• [GIVEN MATERIAL]
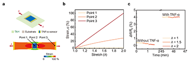 图4. TAHM 生物传感器的应变不敏感特性。(a) 传感贴片附着于可拉伸生物黏附水凝胶上的示意图及其有限元分析结果:分别计算传感贴片(Point 1)、传感贴片邻近区域水凝胶 (Point 2) 以及远端水凝胶区域 (Point 3) 在拉伸条件下的应力分布及其随拉伸率变化的应力响应(b)。(c) 在不同拉伸率条件下有无 TNF-α 时的检测结果对比,表明信号变化主要来源于 TNF-α 浓度变化。
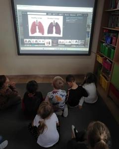 Zajęcia realizowane były w różnych formach aktywności dzieci. Przedszkolaki wykonywały rysunki, których celem było uświadomienie szkodliwości dymu papierosowego, były na wycieczce i obserwowały jakie są inne źródła dymu, o których opowiadały po przyjściu do przedszkola. Wykonywały, ćwiczenia oddechowe i relaksacyjne przy akompaniamencie muzycznym, uświadamiające, że oddychanie świeżym powietrzem jest zdrowe. Naśladowały zachowanie osób niepalących i palących. Projektowały własne znaczki zakazu mówiące o szkodliwości palenia papierosów, uczyły się ,,Piosenki o Dinku”. Zajęciom towarzyszył dinozaur Dinuś, który pomagał dzieciom w rozwiązywaniu zadań. W ramach podsumowania naszych zajęć, dzieci wspólnie z rodzicami wykonały plakaty, które wzięły udział w naszym grupowym konkursie. Dzieci opowiadały o swoich plakatach, a następnie przyznawały im punkty. Wszystkie prace zostały nagrodzone. Bardzo dziękujemy dzieciom i ich rodzicom za tak pięknie wykonane prace.
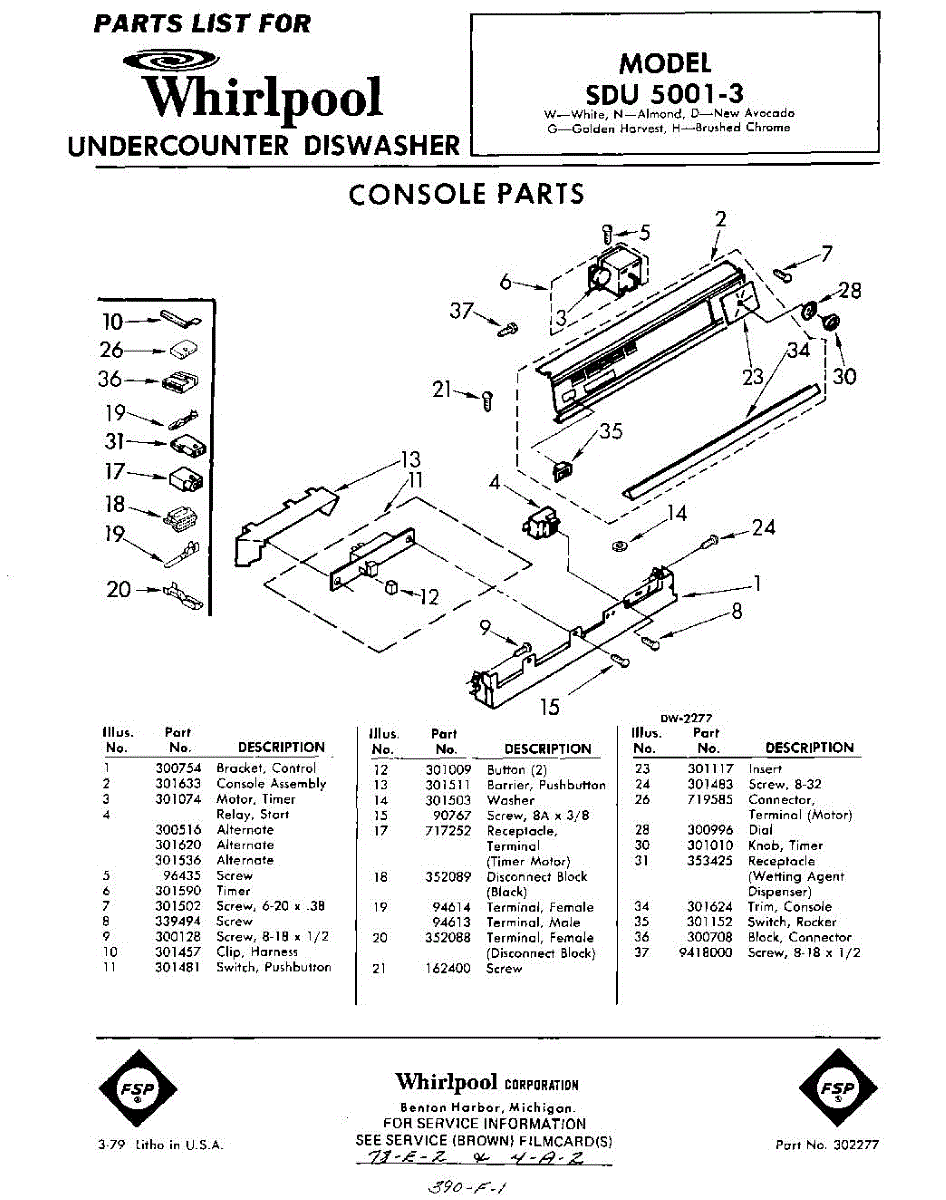 Parts for Whirlpool SDU50013: 01 - Console Parts

• [YOUR ASSIGNMENT] An exact, image-free transcript of the material is required.

• [SOLUTION BELOW]
 图4. TAHM 生物传感器的应变不敏感特性。(a) 传感贴片附着于可拉伸生物黏附水凝胶上的示意图及其有限元分析结果:分别计算传感贴片(Point 1)、传感贴片邻近区域水凝胶 (Point 2) 以及远端水凝胶区域 (Point 3) 在拉伸条件下的应力分布及其随拉伸率变化的应力响应(b)。(c) 在不同拉伸率条件下有无 TNF-α 时的检测结果对比,表明信号变化主要来源于 TNF-α 浓度变化。
 Zajęcia realizowane były w różnych formach aktywności dzieci. Przedszkolaki wykonywały rysunki, których celem było uświadomienie szkodliwości dymu papierosowego, były na wycieczce i obserwowały jakie są inne źródła dymu, o których opowiadały po przyjściu do przedszkola. Wykonywały, ćwiczenia oddechowe i relaksacyjne przy akompaniamencie muzycznym, uświadamiające, że oddychanie świeżym powietrzem jest zdrowe. Naśladowały zachowanie osób niepalących i palących. Projektowały własne znaczki zakazu mówiące o szkodliwości palenia papierosów, uczyły się ,,Piosenki o Dinku”. Zajęciom towarzyszył dinozaur Dinuś, który pomagał dzieciom w rozwiązywaniu zadań. W ramach podsumowania naszych zajęć, dzieci wspólnie z rodzicami wykonały plakaty, które wzięły udział w naszym grupowym konkursie. Dzieci opowiadały o swoich plakatach, a następnie przyznawały im punkty. Wszystkie prace zostały nagrodzone. Bardzo dziękujemy dzieciom i ich rodzicom za tak pięknie wykonane prace.
 Parts for Whirlpool SDU50013: 01 - Console Parts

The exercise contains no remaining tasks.